Mind you I have looked at Rogue forums in the past and never see anybody actually referring to it or posting pages from it, but I assume it exists. When I bought my X trail, I got one and it transforms the ownership experience by allowing you to take a more hands on approach to your car. 
Anyhow, why the two week time frame? as to where to go, I would think pretty much anywhere, including body shops, but they will probably have to get the part from a Nissan dealer.
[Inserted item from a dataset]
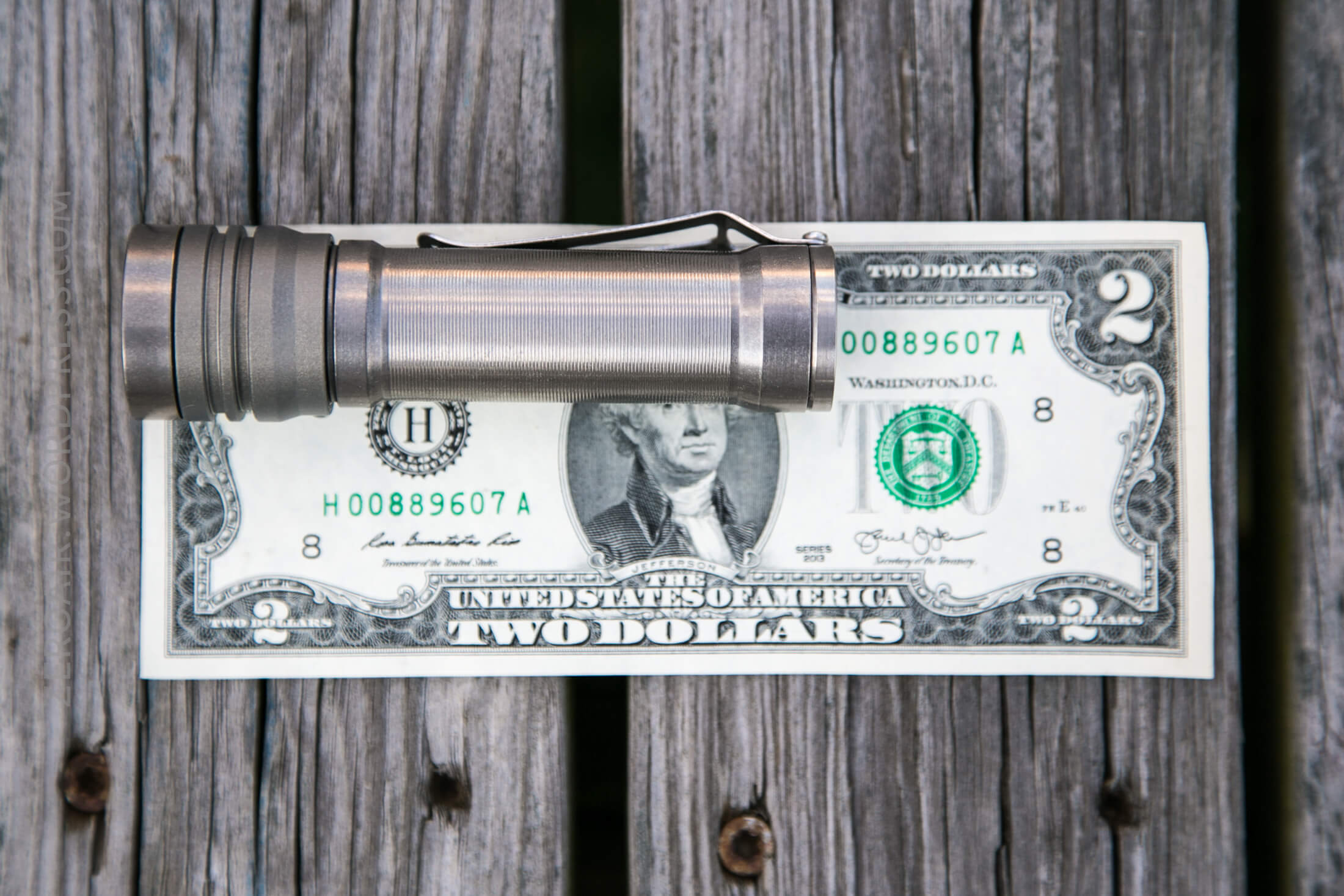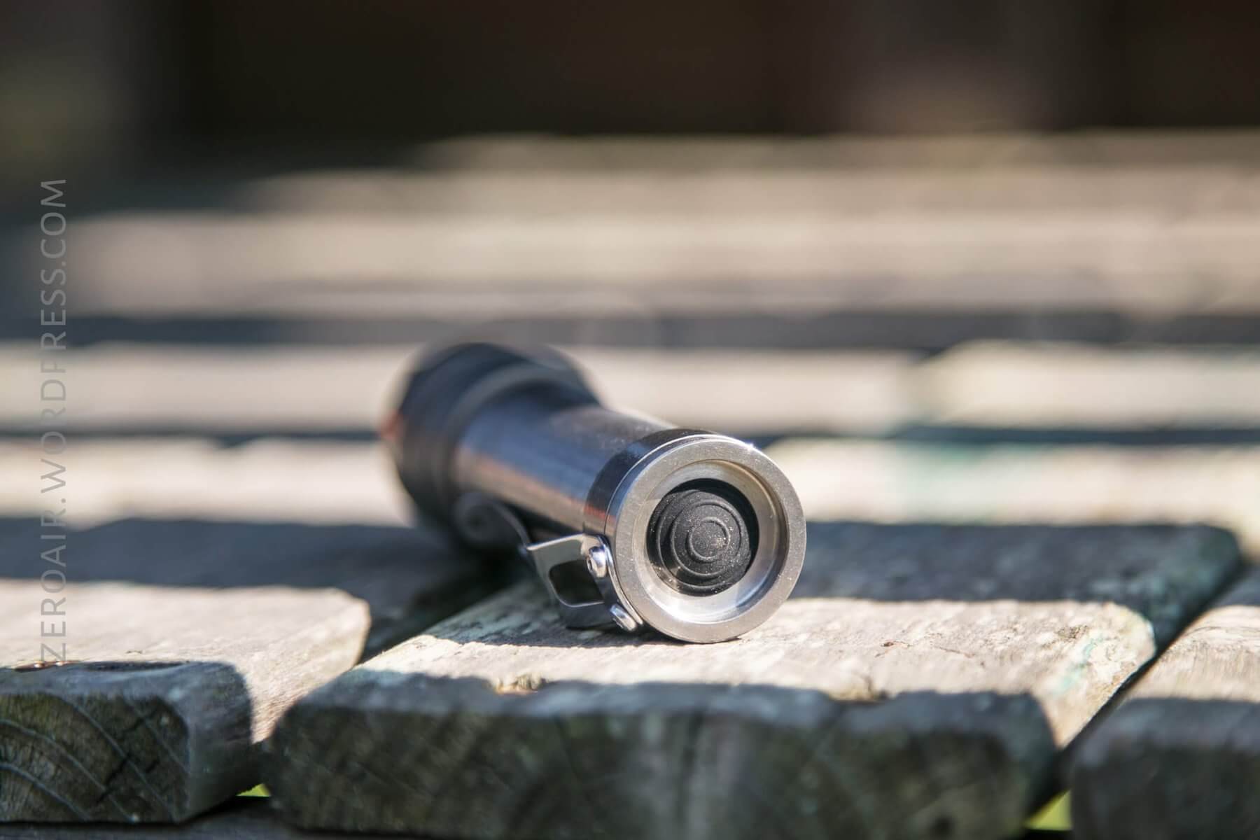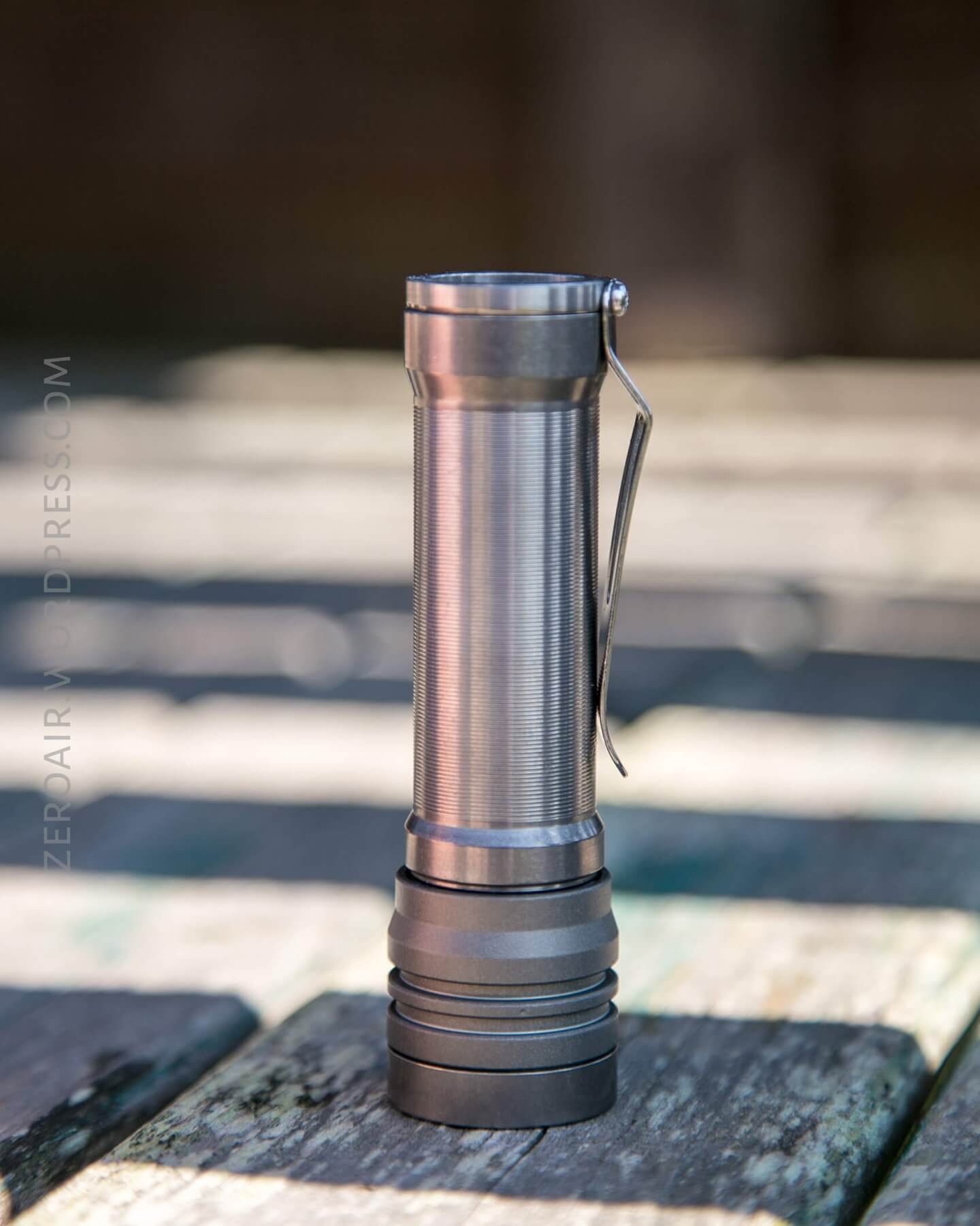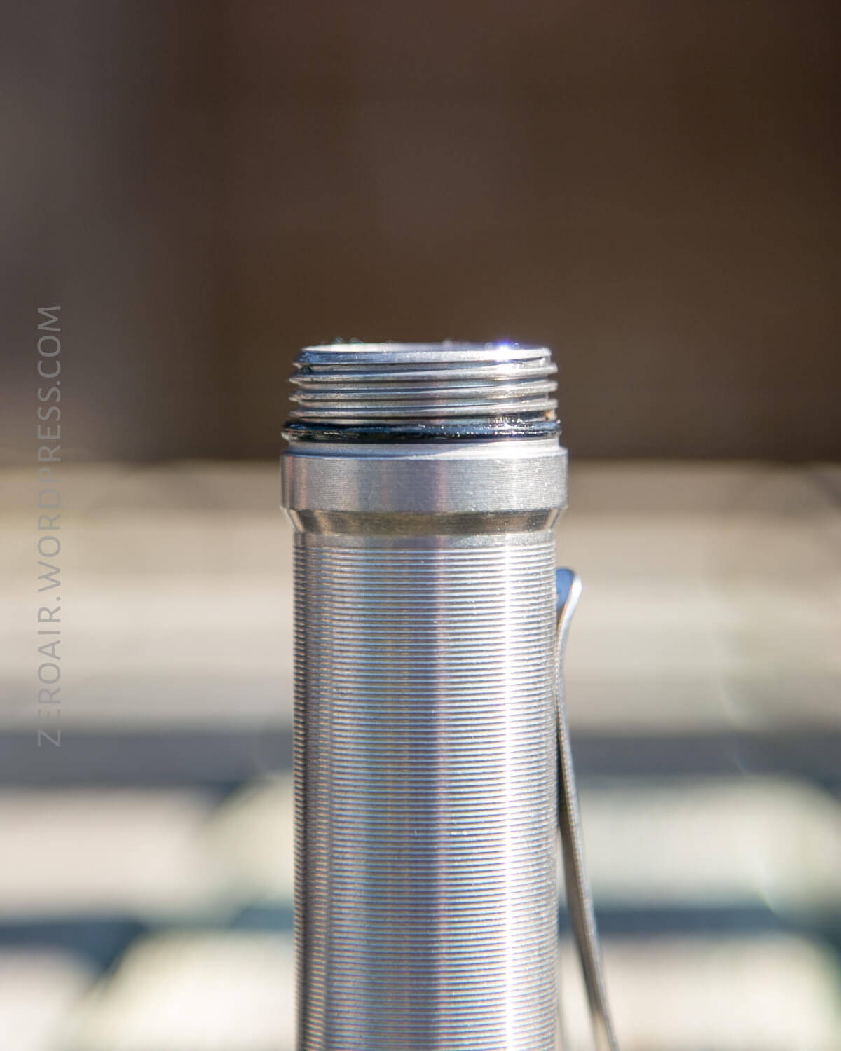 There’s a pocket clip included with and attached to the light. It’s a steel clip (not stainless, at least not the non-magnetic kind). The clip is held on by two Allen screws and is easily removable. It’s worthwhile to remove the clip just to see how little clearance there is for the screw holes and the bottom edge of the tailcap. Much less than 1mm. But it holds well, of course. Strange that on an otherwise fully titanium [alloy] light, there’s a steel clip. ¯(ツ)/¯ Titanium clips are available, and wonderful, and would have been a nice touch.

You can probably get the light assembly from a scrap yard as well.


----------



## quadraria10 (Jul 6, 2010)

http://www.********.com/archives/nissan-rogue-factory-service-manuals.html

Go to ******** website and you can find the service manual available for free.


----------



## quadraria10 (Jul 6, 2010)

N I C O C L U B without the spacing between letters is what is being xxxxed out in the link provided. Otherwise just do a Google search for 2008 Nissan Rogue Service manual and the link will come up.


----------



## quadraria10 (Jul 6, 2010)

Sunday morn, enjoying coffee, so I looked. The section you want is the Int.pdf and page 24 has the diagram you want and then page 26 for dissassembly. If you cant fix yourself, just print out the pages and bring them to your mechanic. Hope that helps.
As an aside, usually there is a general index section but I could not find it. Its kind of cool that there is even a section with the Nissan Technical Service Bulletin. Anyway, its a good resource for you.


----------



## Coach300 (Dec 13, 2015)

Thanks, Quadraria10, for your replies. Should help a bunch. I will review what you have provided right now. No, the light was fine after the sunroof was put in. This has happened since then. The car resides in North Carolina now where I am visiting until the end of the month. So I was commissioned to get my daughter-in-law estimates for repair/replacement. Her hot glue gun was not successful. I go back to Plano, TX near Dallas after Xmas. There has to be something that can fix it if not a new light assembly from Nissan. Although, I tried repairing the the sun roof opener last year when I was here. It had the same problem. So maybe the issues are, in fact, related to the aftermarket service in Dallas.

Thanks, again.


----------